Inference is OpenAI-compatible, so the schema matches the OpenAI chat objects.
ChatCompletion
The non-streaming result of chat.completions.create(...).
| Property | Type | Notes |
|---|---|---|
id | str | None | Completion id |
model | str | None | The model/endpoint id that served the request |
created | int | None | Unix timestamp |
choices | list[Choice] | One entry per generated choice |
usage | Usage | Token counts |
resp = pa.chat.completions.create(
model="ep_contract_qwen",
messages=[{"role": "user", "content": "Extract the effective date."}],
temperature=0,
)
print(resp.choices[0].message.content)
print(resp.usage.total_tokens)
ChatCompletionChunk
One delta from a streaming completion. Returned (one per SSE event) when you pass
stream=True. It has the same schema as ChatCompletion; it is a distinct type
purely for hinting. The incremental text lives on choices[0].delta.content, not
choices[0].message.
for chunk in pa.chat.completions.create(
model="ep_contract_qwen",
messages=[{"role": "user", "content": "Summarize this contract."}],
stream=True,
):
print(chunk.choices[0].delta.content or "", end="", flush=True)

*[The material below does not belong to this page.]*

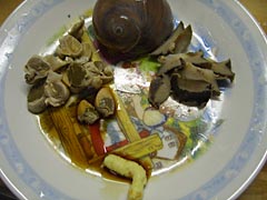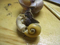 問題のサキグロタマツメタガイは、5分ほど茹でて流水で洗い、コンビニでもらったと思われるフランダースの犬のお皿に盛りつけて生姜醤油で食べてみた。なにやら黄色い蜷局を撒いた内臓が素敵。筋肉の部分はコリコリ、内臓の部分はモフモフしていて、味は「肉食のサザエ」といった感じ。濃い。臓物系珍味系発酵食品系が好きな人にはナカナカの珍味だと思う。

The or "" guard matters: the first and last chunks often carry no content (role
preamble, finish marker), so delta.content can be None mid-stream.
Choice
One element of completion.choices.
| Property | Type | Notes |
|---|---|---|
index | int | None | Position in the choices list |
finish_reason | str | None | "stop", "length", etc. |
message | Message | The full message. Populated on non-streaming results |
delta | Message | The incremental token. Populated on streaming chunks |
message and delta always return a Message (empty if absent), so reading
choice.delta.content on a non-streaming result, or vice versa, returns None
rather than blowing up.
Message
The content of a Choice.
| Property | Type | Notes |
|---|---|---|
role | str | None | "assistant", "user", etc. |
content | str | None | The text |
Usage
Token accounting on a ChatCompletion.
| Property | Type |
|---|---|
prompt_tokens | int | None |
completion_tokens | int | None |
total_tokens | int | None |
Model listing types
Returned from models.list() (route GET /v1/models). This is the
OpenAI-compatible model listing: it returns only your deployed endpoints that
have a live inference URL, so you can point any OpenAI-style tooling at Pareta and
get a sensible /models response.
ModelList
| Property | Type |
|---|---|
data | list[Model] |
ModelList is directly iterable and has a length, so you usually skip .data:
models = pa.models.list()
print(len(models))
for m in models: # iterates m in models.data
print(m.id, m.owned_by)
Model
One element of a ModelList.
| Property | Type | Notes |
|---|---|---|
id | str | None | Endpoint id. Pass straight into chat.completions.create(model=...) |
owned_by | str | None | "pareta" or a vendor name |
created | int | None | Unix timestamp |
Endpoint
Returned from endpoints.deploy(..., wait=True), endpoints.list(), and
endpoints.retrieve(id). A deployed open-weights model serving inference.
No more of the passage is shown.